Records from a data source

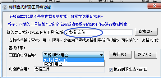 16.40版改进:支持多关键字查找,比如为了查找表格排序/定位功能,可以输入: 表格+定位
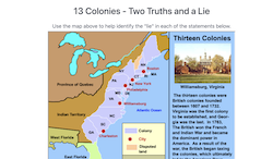 Our "Maptivation" Program allows students to create their own maps of the 13 colonies, complete with their own colors, labels, map features, key and much more. Just select "13 colonies" from the pull-down menu. Other maps are available also.
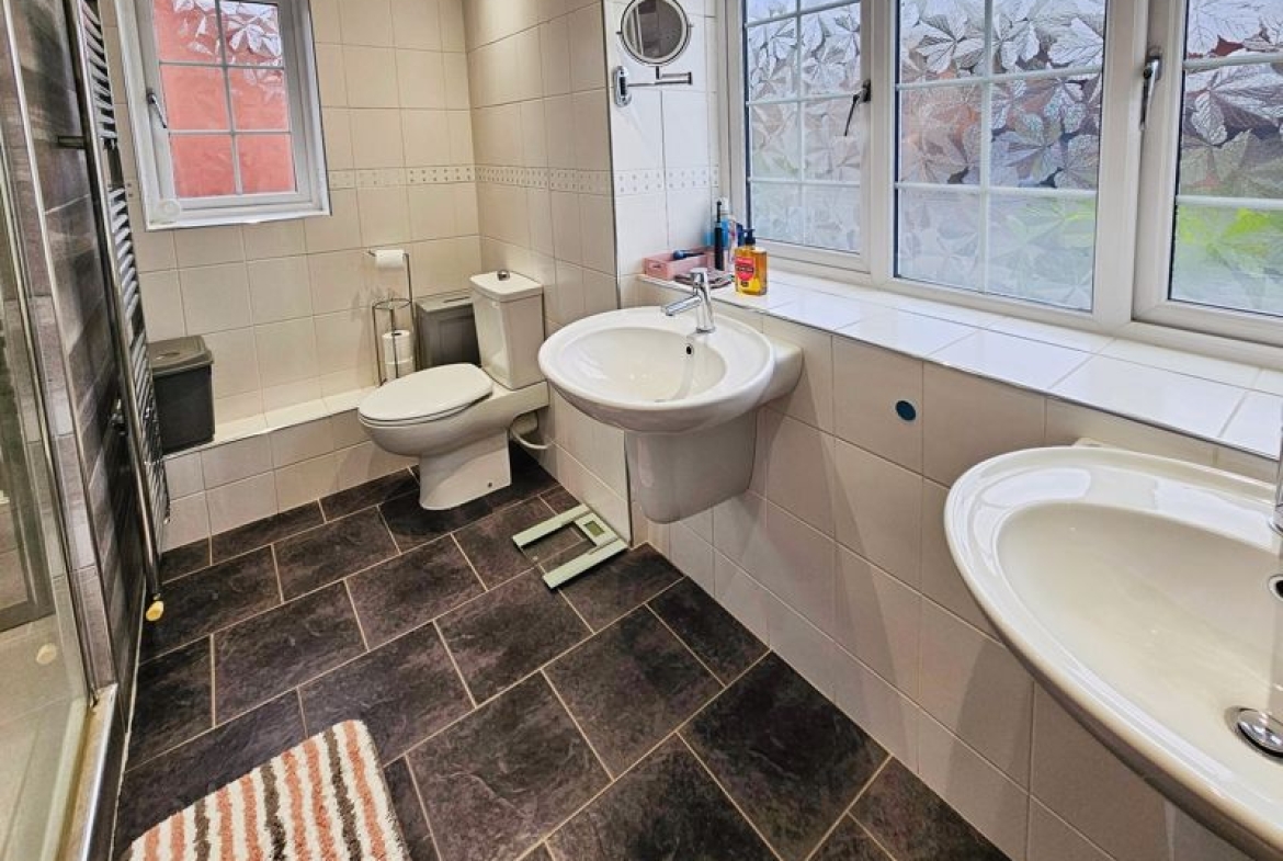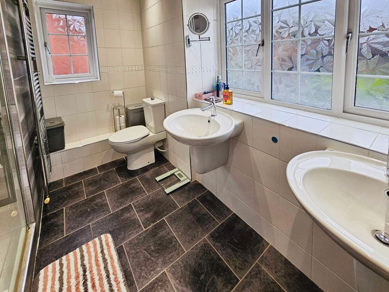 Double glazed window to front, single radiator, two pedestal wash hand basins, shower cubicle (mains shower), tiled walls, heated
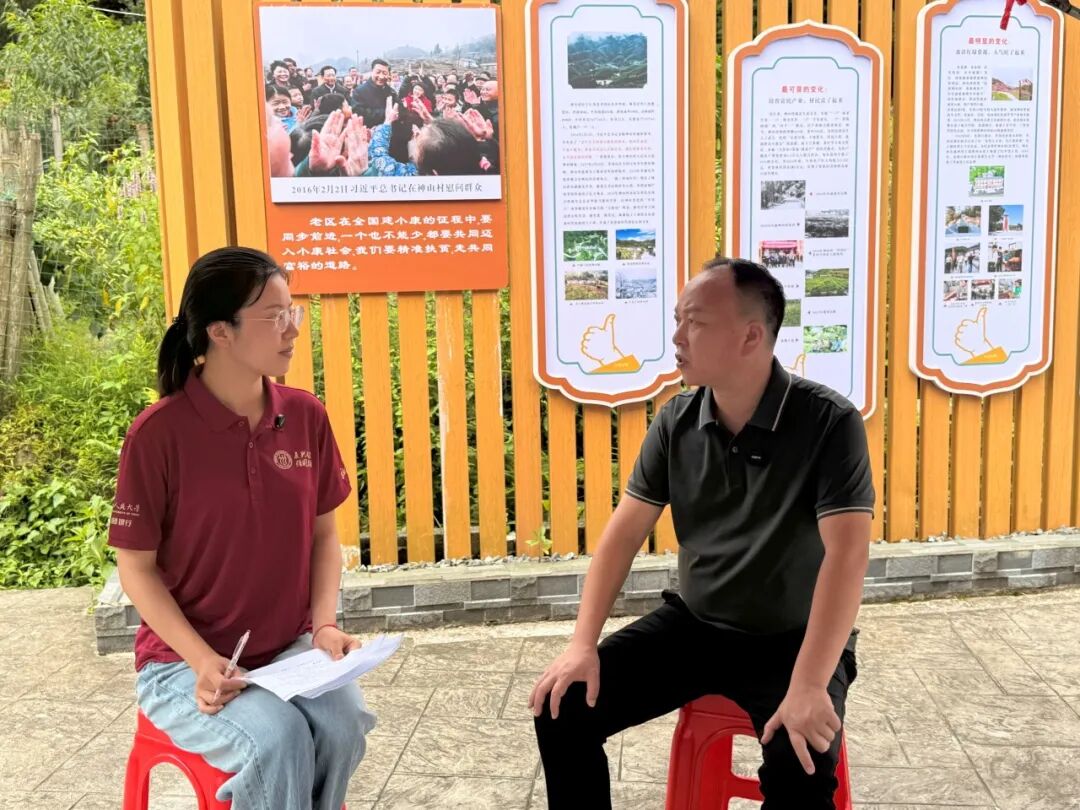 ▲中国人民大学应用经济学硕士生李昕玥访谈茅坪镇副镇长兼任神山村支部书记彭展阳
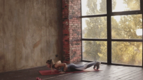 매트에 배를 대고 엎드린 상태에서 손을 머리 옆으로 옮깁니다. 그리고 다리를 어깨너비로 벌리고 바닥을 지탱합니다. 그런 다음 상체를 공중으로 최대한 들었다가 내리는 동작을 1분 동안 반복합니다.

Exercise description: Would you copy the records word for word, without any of their pictures?

Response for this exercise:
 16.40版改进:支持多关键字查找,比如为了查找表格排序/定位功能,可以输入: 表格+定位
 Our "Maptivation" Program allows students to create their own maps of the 13 colonies, complete with their own colors, labels, map features, key and much more. Just select "13 colonies" from the pull-down menu. Other maps are available also.
 Double glazed window to front, single radiator, two pedestal wash hand basins, shower cubicle (mains shower), tiled walls, heated
 ▲中国人民大学应用经济学硕士生李昕玥访谈茅坪镇副镇长兼任神山村支部书记彭展阳
 매트에 배를 대고 엎드린 상태에서 손을 머리 옆으로 옮깁니다. 그리고 다리를 어깨너비로 벌리고 바닥을 지탱합니다. 그런 다음 상체를 공중으로 최대한 들었다가 내리는 동작을 1분 동안 반복합니다.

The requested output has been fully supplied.